**Data extracts**
((

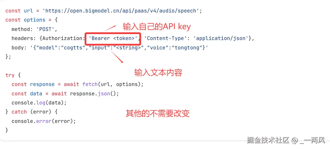 二、代码实战:用 Fetch 调用 TTS 接口
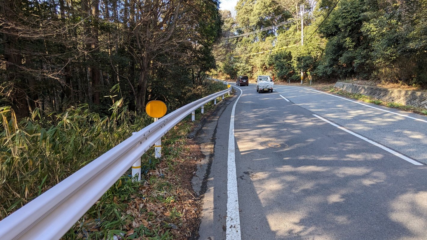崩落箇所が修復されガードレールも新調されていました。
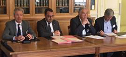 La convention qui scelle l’entrée de Mines Saint-Etienne dans la chaire a été signée le 23 avril à l’Ecole des Mines de Saint-Etienne en présence de Dominique Letourneau, Président du Directoire de la Fondation de l’Avenir, Maurice Ronat, Président d’EoviMcd mutuelle, de Rémi Bouvier, Directeur Général d’EoviMcd Santé et Services et Trésorier de la Fondation de l’Avenir, Pascal Ray, Directeur de Mines Saint-Etienne, David Delafosse, Directeur de la Recherche et de l’Innovation de Mines Saint-Etienne, et de Vincent Augusto, Enseignant-Chercheur au Centre Ingénierie Santé de Mines Saint-Etienne.
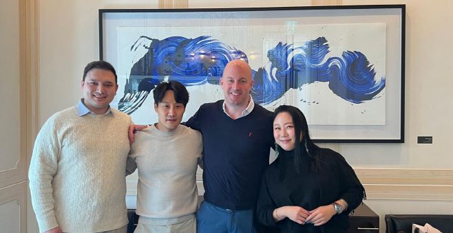 (왼쪽부터)카므란 수입 총괄책임자, 정진우 비투에스컴퍼니 대표, 크리스토퍼 TBL 스위비 대표, 수잔 리 스위비 아시아 브랜딩 총괄책임자가 기념사진을 촬영하고 있다./제공=비투에스컴퍼니 |
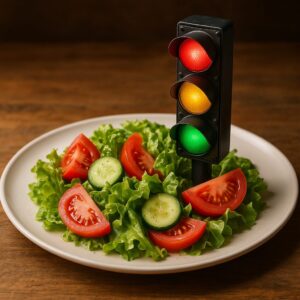 色鮮やかな信号機を活かしたサラダはいかがでしょう?この料理は、交通規制の重要性を思い出させつつ、食卓…
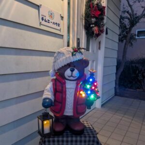 お外は、昨年よりバージョンアップしたLEDライトがより明るく輝き、玄関前ではかわいいクマちゃんがお出迎え🐻✨
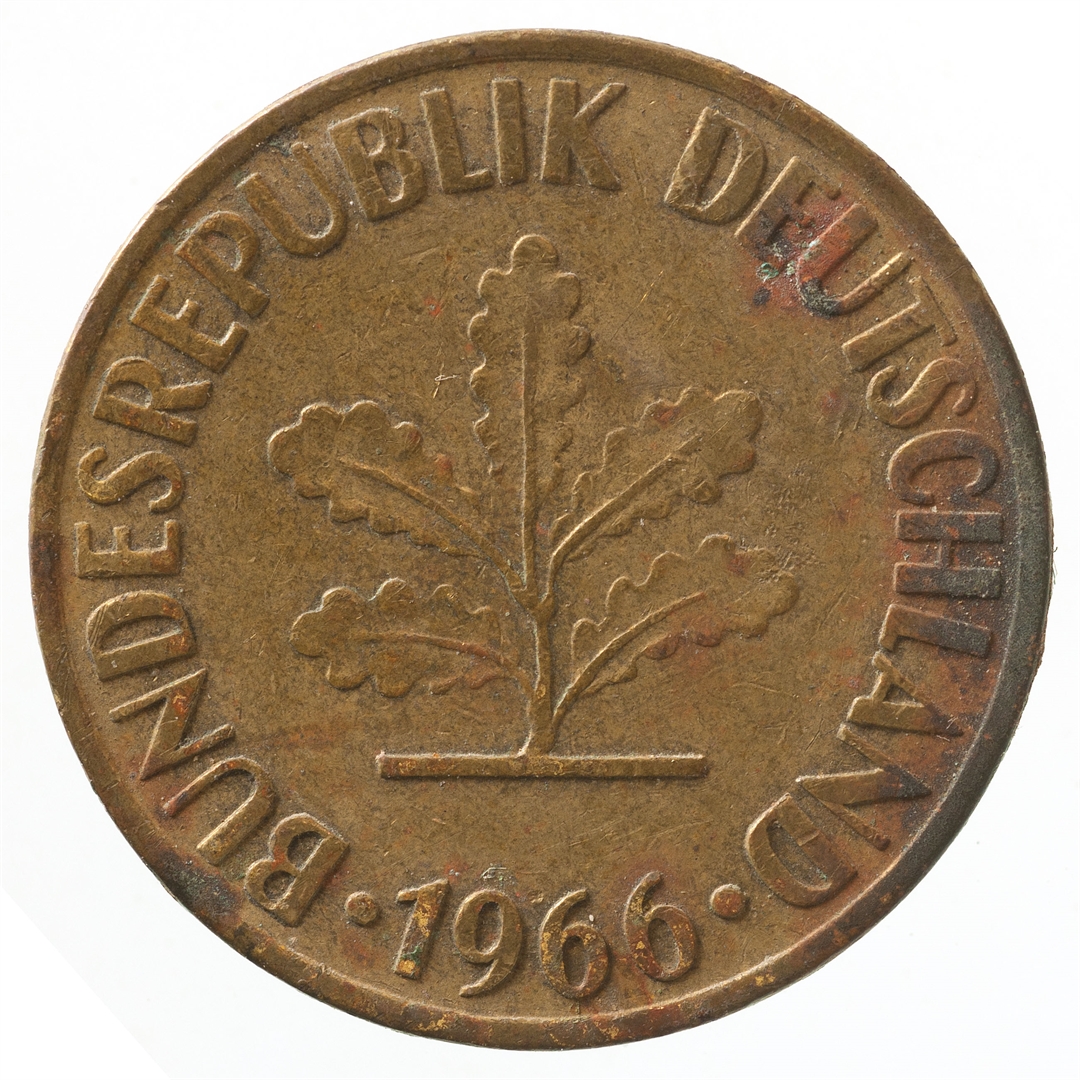 U sredini mladica hrasta s pet listova u vodoravnoj liniji. Uz rub ispisan tekst BUNDESREPUBLIK DEUTSCHLAND i godina 1966.

))

**Task statement**
The records must be copied with no word altered, and without their pictures.

**Task response**
 二、代码实战:用 Fetch 调用 TTS 接口
崩落箇所が修復されガードレールも新調されていました。
 La convention qui scelle l’entrée de Mines Saint-Etienne dans la chaire a été signée le 23 avril à l’Ecole des Mines de Saint-Etienne en présence de Dominique Letourneau, Président du Directoire de la Fondation de l’Avenir, Maurice Ronat, Président d’EoviMcd mutuelle, de Rémi Bouvier, Directeur Général d’EoviMcd Santé et Services et Trésorier de la Fondation de l’Avenir, Pascal Ray, Directeur de Mines Saint-Etienne, David Delafosse, Directeur de la Recherche et de l’Innovation de Mines Saint-Etienne, et de Vincent Augusto, Enseignant-Chercheur au Centre Ingénierie Santé de Mines Saint-Etienne.
 (왼쪽부터)카므란 수입 총괄책임자, 정진우 비투에스컴퍼니 대표, 크리스토퍼 TBL 스위비 대표, 수잔 리 스위비 아시아 브랜딩 총괄책임자가 기념사진을 촬영하고 있다./제공=비투에스컴퍼니 |
 色鮮やかな信号機を活かしたサラダはいかがでしょう?この料理は、交通規制の重要性を思い出させつつ、食卓…
 お外は、昨年よりバージョンアップしたLEDライトがより明るく輝き、玄関前ではかわいいクマちゃんがお出迎え🐻✨
 U sredini mladica hrasta s pet listova u vodoravnoj liniji. Uz rub ispisan tekst BUNDESREPUBLIK DEUTSCHLAND i godina 1966.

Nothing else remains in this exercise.